Which RFdiffusion knobs actually matter — and what happens when you turn them?
Previously, in Part 1: We built a complete de novo binder design pipeline — RFdiffusion → ProteinMPNN → ESMFold — targeting the PD-L1 immune checkpoint, and showed that the pipeline can produce structurally validated mini binder candidates from scratch. Read the full Part 1 writeup →
That first run answered the question "can I get this to work?" This post asks the harder question: "now that it works, what do I need to pay attention to?" The goal here is not to draw definitive conclusions — at 20 backbones per condition, we don't have the statistical power for that. Instead, it's to set up a framework for answering that question. In a production setting with more compute, this same framework at higher sample sizes should yield actionable guidance for computational design campaigns. This study consumed approximately 20 GPU-hours on a T4 instance.
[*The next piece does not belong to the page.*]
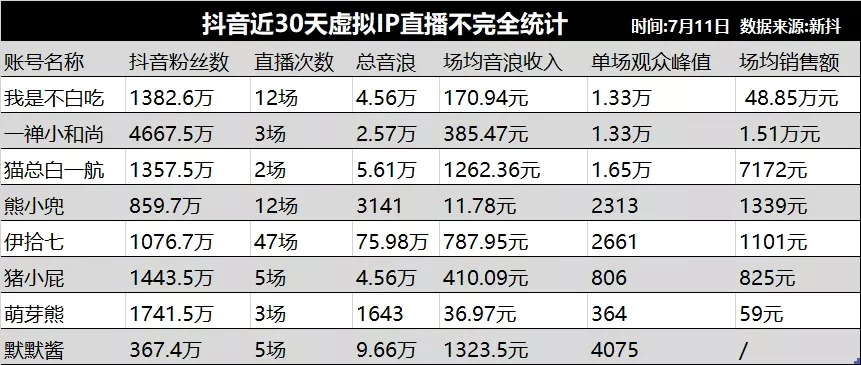 进入6月后,“我是不白吃”的带货金额虽然会有所波动,但在众虚拟主播中仍属于表现最突出的。7月11日的新抖数据显示,近一个月里,“我是不白吃”场均销售额为48.85万元,“猫总骆一航”平均销售额为7172元,“伊拾七”平均销售额为1101元。

The same five-step workflow from Part 1. RFdiffusion generates protein backbone conformations de novo, guided by hotspot residues on the target surface. Backbones that pass a geometry filter (no clashes, reasonable inter-chain distances) are passed to ProteinMPNN, which designs an amino acid sequence for each backbone. ESMFold then predicts the 3D structure of that sequence — independently, from scratch — and we compare how closely that prediction matches the original designed backbone.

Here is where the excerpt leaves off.